A base aliada do Governo enterrou de vez a ideia de formatação de um "blocão" que abrangesse todos os partidos que fazem parte do arco de aliança do governador Camilo Santana (PT). De acordo com o secretário chefe da Casa Civil, Nelson Martins, a tendência é a constituição de ao menos dois grandes blocos na disputa proporcional para deputado federal e estadual, que possam garantir o máximo de eleitos para dar sustentação a uma eventual segunda gestão do petista.

Segundo ele, a tese que ganhou força nos últimos dias é a da constituição de dois blocos robustos, sendo um liderado pelo Partido Democrático Trabalhista (PDT), legenda com maior densidade eleitoral no Estado. O secretário defendeu ainda que outras legendas possam estar alinhadas em blocos menores, para eleger pretensos candidatos com menor potencial de voto.

Cresceu também a ideia de inserir no mesmo bloco as siglas que recentemente aderiram à base governista, PSD e SD, além do MDB, que ainda não confirmou fazer parte da base aliada, mas, atualmente, é o partido mais beneficiado pela gestão. Na Assembleia Legislativa, todos os emedebistas já atuam como governistas e defendem aliança com o Governo Camilo.

"Chegou-se à conclusão de que, pela quantidade de partidos que tem na base do Governo e pela quantidade de pretensos candidatos, principalmente na disputa para deputado estadual, a gente está pensando em criar dois grandes blocos. Para fazer um 'blocão' seria muito difícil, porque vai deixar muita gente boa de fora", apontou Martins.

Ele ressaltou que a legislação eleitoral estabelece que o total de candidatos por partido ou coligação seja a totalidade das vagas em disputa mais 50%. No caso da Assembleia, com seus 46 assentos mais 23, o total seria de apenas 69 postulações.

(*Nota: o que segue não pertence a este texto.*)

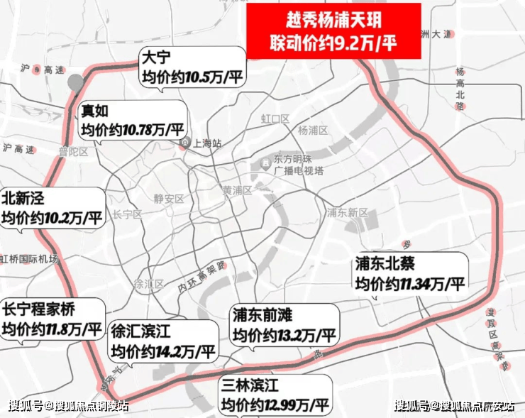 在市区,购房的门槛已经变得异常高昂。观察上海中环周边的热门区域,房价普遍攀升至每平方米10万至13万之间。例如,大宁的新房均价已达到10.5万元,真如的新房均价约为10.78万元;徐汇滨江的房价约为14.2万元;前滩的房价约为13.2万元;北蔡的房价也已达到每平方米约11万元。对于那些渴望在中环附近置业的朋友们来说,杨浦区已成为少数几个性价比相对较高的区域之一。特别是北中环沿线附近的越秀·杨浦天玥,其均价为每平方米9.2万元,尤为引人注目。

Obrigatoriamente, ao menos 30% delas, ou seja, 21 candidaturas, devem ser de mulheres. "Temos que trabalhar com dois blocos e com possibilidade de termos alguns partidos da base saindo de fora desses blocos", admitiu.

O Patriotas (antigo PEN), por exemplo, já está praticamente com chapa montada para a disputa estadual, e pretende ir para a campanha isolado. PPS, PRB e PPL também já definiram seu bloco recentemente, com vistas, principalmente, à disputa para deputado federal. Nelson Martins ressaltou também que a ideia de formatação de dois blocos deve valer para ambas as disputas proporcionais: para deputado federal e estadual.

Definições

"Para federal temos 22 vagas mais 11, totalizando 33. Dessas 33, no mínimo 10 têm que ser de um dos sexos. Pela quantidade de partidos e candidatos, também não caberia em uma chapa só. Há essa tendência natural de irmos com mais de um bloco".

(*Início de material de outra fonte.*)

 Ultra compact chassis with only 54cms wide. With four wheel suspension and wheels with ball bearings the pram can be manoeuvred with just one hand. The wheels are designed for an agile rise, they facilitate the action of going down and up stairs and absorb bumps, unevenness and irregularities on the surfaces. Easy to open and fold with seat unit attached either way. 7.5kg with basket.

Ele disse também que não foi definido que partidos comandariam os blocos mais robustos da base governista, mas deu como certo que o PDT tende a estar à frente de um desses agrupamentos. "Ainda vamos ver quais serão os partidos, mas dos dois blocos, certamente, o PDT deve comandar um, porque tem maior número de deputados e uma chapa forte", justificou. Segundo ele, as definições sobre os blocos tendem a ser intensificadas após o dia 6 de julho, quando o governador se dedicará mais à campanha eleitoral.